UU PDP dan Perlindungan Hukum bagi Masyarakat
Sejak diberlakukannya UU Perlindungan Data Pribadi, Indonesia sebenarnya sudah memiliki dasar hukum yang kuat untuk menindak praktik semacam ini. Dalam aturan tersebut, data pribadi didefinisikan sebagai setiap informasi yang dapat mengidentifikasi seseorang, termasuk wajah, nama, alamat, hingga ekspresi biometrik.
Pihak yang mengelola data wajib memperoleh persetujuan eksplisit dari pemilik data sebelum melakukan pengolahan atau penyebaran. Jika melanggar, pelaku bisa dikenai sanksi administratif maupun pidana.
“UU PDP memberikan perlindungan yang cukup komprehensif. Tapi implementasinya masih jadi tantangan. Banyak masyarakat belum memahami hak-haknya terkait data pribadi,” ujar Suparji.
Ia pun mendorong pemerintah dan aparat penegak hukum untuk aktif melakukan sosialisasi agar masyarakat lebih waspada terhadap praktik pengumpulan data yang tidak sah.
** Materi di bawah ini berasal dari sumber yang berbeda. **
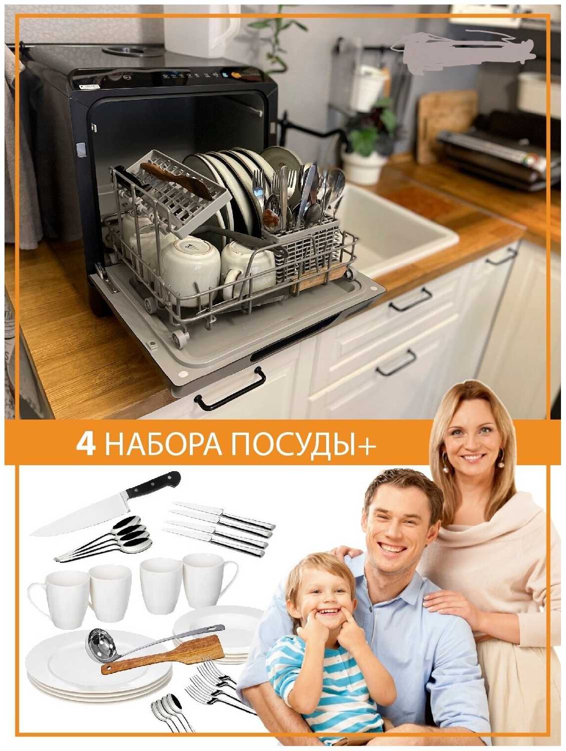 По отзывам пользователей, машина демонстрирует стабильную работу в течение продолжительного времени - многие отмечают беспроблемную эксплуатацию в течение 4-6 месяцев и более. Качество сборки и материалов оценивается как высокое, хотя есть единичные сообщения о возможном попадании воды на стык корпуса и панели управления. В таких случаях наблюдались временные сбои в работе, которые устранялись простым отключением от питания. Большинство пользователей выражают уверенность в долговечности аппарата и удовлетворены качеством его работы. Отмечается, что для обеспечения оптимальной работы важно использовать специализированные моющие средства для портативных посудомоечных машин и соблюдать рекомендации по дозировке.

Tantangan Penegakan Hukum di Era Digital
Meski regulasi sudah ada, Suparji mengakui bahwa penegakan hukum di dunia digital masih memiliki banyak kendala. Salah satu tantangan utama adalah sulitnya melacak pelaku di balik platform atau aplikasi berbasis luar negeri.
“Banyak aplikasi AI beroperasi dari luar yurisdiksi Indonesia. Artinya, proses hukum terhadap pelaku bisa menjadi rumit,” ungkapnya.
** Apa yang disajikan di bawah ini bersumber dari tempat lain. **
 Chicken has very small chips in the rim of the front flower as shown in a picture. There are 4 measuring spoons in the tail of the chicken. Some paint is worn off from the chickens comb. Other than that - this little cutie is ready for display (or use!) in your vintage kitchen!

Selain itu, belum adanya lembaga pengawas independen yang kuat membuat perlindungan data pribadi di Indonesia masih lemah. Padahal, UU PDP telah mengamanatkan pembentukan otoritas perlindungan data yang berfungsi mengawasi dan memberi sanksi atas pelanggaran.
“Selama belum ada lembaga yang berwenang penuh, penegakan hukum akan sulit dilakukan secara konsisten,” jelas Suparji.
Dampak Sosial: Antara Kenyamanan dan Risiko Privasi
Fenomena penjualan foto warga lewat aplikasi AI menunjukkan bagaimana masyarakat kini hidup di era keterbukaan digital. Di satu sisi, teknologi ini memberikan kemudahan bagi pengguna yang ingin menemukan dokumentasi pribadinya dengan cepat.
Namun, di sisi lain, banyak orang justru merasa tidak nyaman karena foto mereka bisa tersebar luas tanpa kendali. Apalagi jika foto tersebut digunakan untuk tujuan komersial tanpa persetujuan.
Beberapa korban bahkan melaporkan bahwa wajah mereka muncul di situs-situs yang tidak mereka kenal, lengkap dengan data lokasi dan waktu pengambilan gambar. Situasi ini tentu bisa mengancam keamanan pribadi dan reputasi seseorang.
“Kalau data pribadi seseorang digunakan tanpa izin, apalagi untuk tujuan ekonomi, maka sudah seharusnya ada tindakan hukum,” tegas Suparji.
Pentingnya Literasi Digital bagi Masyarakat
Sebagai penutup, Suparji menekankan pentingnya literasi digital agar masyarakat lebih paham hak dan kewajibannya di dunia maya. Ia mengimbau masyarakat untuk berhati-hati mengunggah atau memberikan izin penggunaan wajah di platform digital.
Selain itu, pengguna juga perlu membaca syarat dan ketentuan (terms and conditions) sebelum menggunakan aplikasi berbasis AI. Banyak kasus pelanggaran privasi terjadi karena pengguna tidak menyadari bahwa mereka telah memberi izin penuh kepada sistem untuk mengakses dan mengelola data pribadi.
“Jangan mudah mengunggah foto tanpa tahu bagaimana data itu digunakan. Sekali data masuk ke sistem AI, sulit untuk dikendalikan,” pungkasnya.
Fenomena unggah foto warga di aplikasi AI ini menjadi pengingat bahwa di tengah kemajuan teknologi, perlindungan privasi dan etika digital harus tetap dijunjung tinggi. Hukum dan kesadaran publik harus berjalan beriringan agar kemajuan teknologi tidak mengorbankan hak-hak dasar manusia.